Hatch Beauchamp is quite far - I think you're on the other side of the A358 from us.  I'll have a look in the local papers - I pass a yard that looks as though they do livery on the way into Taunton so maybe I'll drop in on them, but I HATE doing that - think as a YO I'd hate it if someone came to my yard without notice!!


----------



## oofadoofa (20 October 2008)

Where abouts are you?  I might be able to think of some closer ones for you.


----------



## LankyDoodle (20 October 2008)

Southey Farm is gorgeous. I went to look there before moving. Fantastic hacking and great facilities... lovely owners as well.

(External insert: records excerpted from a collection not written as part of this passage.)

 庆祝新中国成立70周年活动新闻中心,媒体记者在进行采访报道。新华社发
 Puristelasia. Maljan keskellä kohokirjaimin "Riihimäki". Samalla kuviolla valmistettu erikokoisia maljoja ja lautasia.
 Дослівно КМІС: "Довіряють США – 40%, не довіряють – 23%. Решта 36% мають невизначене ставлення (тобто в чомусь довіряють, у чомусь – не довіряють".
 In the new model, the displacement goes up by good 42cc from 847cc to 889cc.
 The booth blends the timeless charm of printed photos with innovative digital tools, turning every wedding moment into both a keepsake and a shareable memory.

I didn't move because they don't offer DIY and we couldn't afford their part option (which was practically full without the exercise - £85 a week!).  
I would go for them but they are very popular and when we wanted a stable we would have had to wait a month for someone to move (who was moving to Wales!).  She also takes horses in for schooling so has stables coming up regularly, but you have to wait.
If I had the money, I would choose there without a doubt.  But I don't and I have 2 horses, not 1!  

I had quite a lot of lessons at Heazle. Nice place but all I would say is that it is very busy up there, in terms of livery and in terms of people having lessons. Therefore, you won't always have sole use or even any use of the facilities!  From waht I remember, the livery up there is reasonable and there is a bridletrack next to it and some others in hacking distance.  There's a girl here called SouthWestWhippet - she works at Heazle and is lovely, so she can probably give you the low down there.

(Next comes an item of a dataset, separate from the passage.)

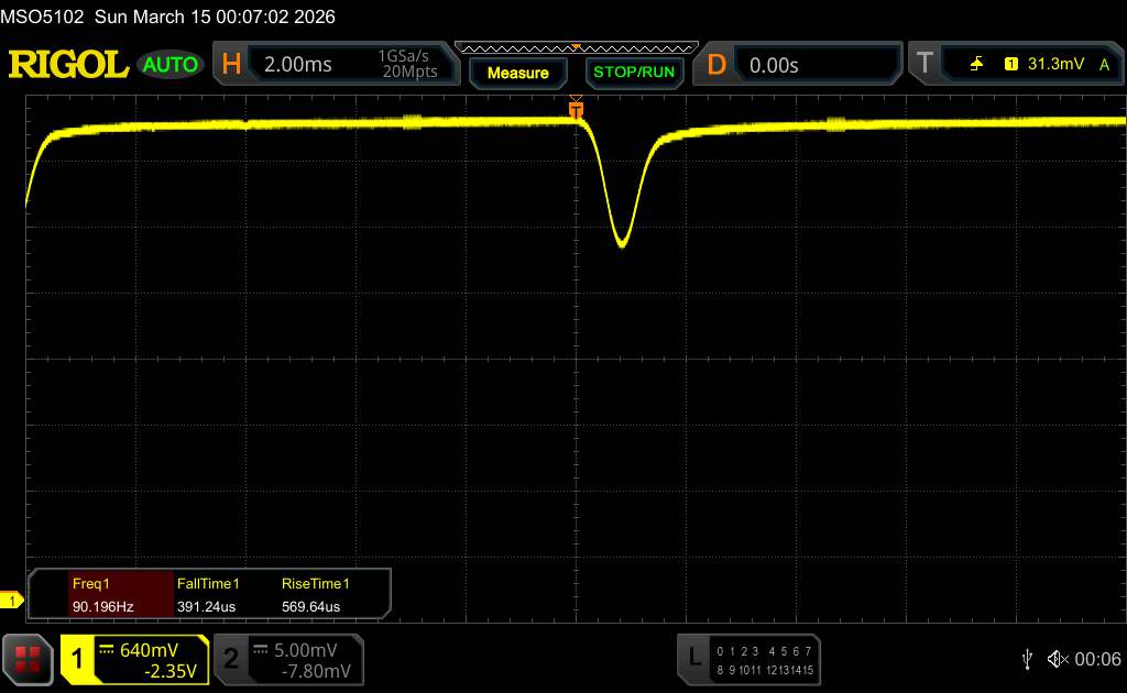 | 1.4 ms ... ascensão ↗ e queda ↘ combinadas | ↗ 0.7 ms ascensão | |

I would go with those for starters, because if you're ont he blackdowns, they are the obvious choice.

Plenty of DIY and Assisted DIY around...


----------



## Fizz06 (20 October 2008)

CC - Thanks that is really useful about Southey and Heazle. Horse is currently kept on very busy yard (250+ horses) with lots of coming and going so might actually suit him. Very good point about the lessons side of things though. Also worried about kids there as he has never been around kids. I know there is a lot of DIY around, but full offers us more support. 

Horse is currently used for hacking (normally 1hr w,t,c with a spell on a gallop track) and general riding, some light dressage. He doesn't jump so not looking for the plushest competition yard, just somewhere that has a school, decent hacking and good places for a gallop.  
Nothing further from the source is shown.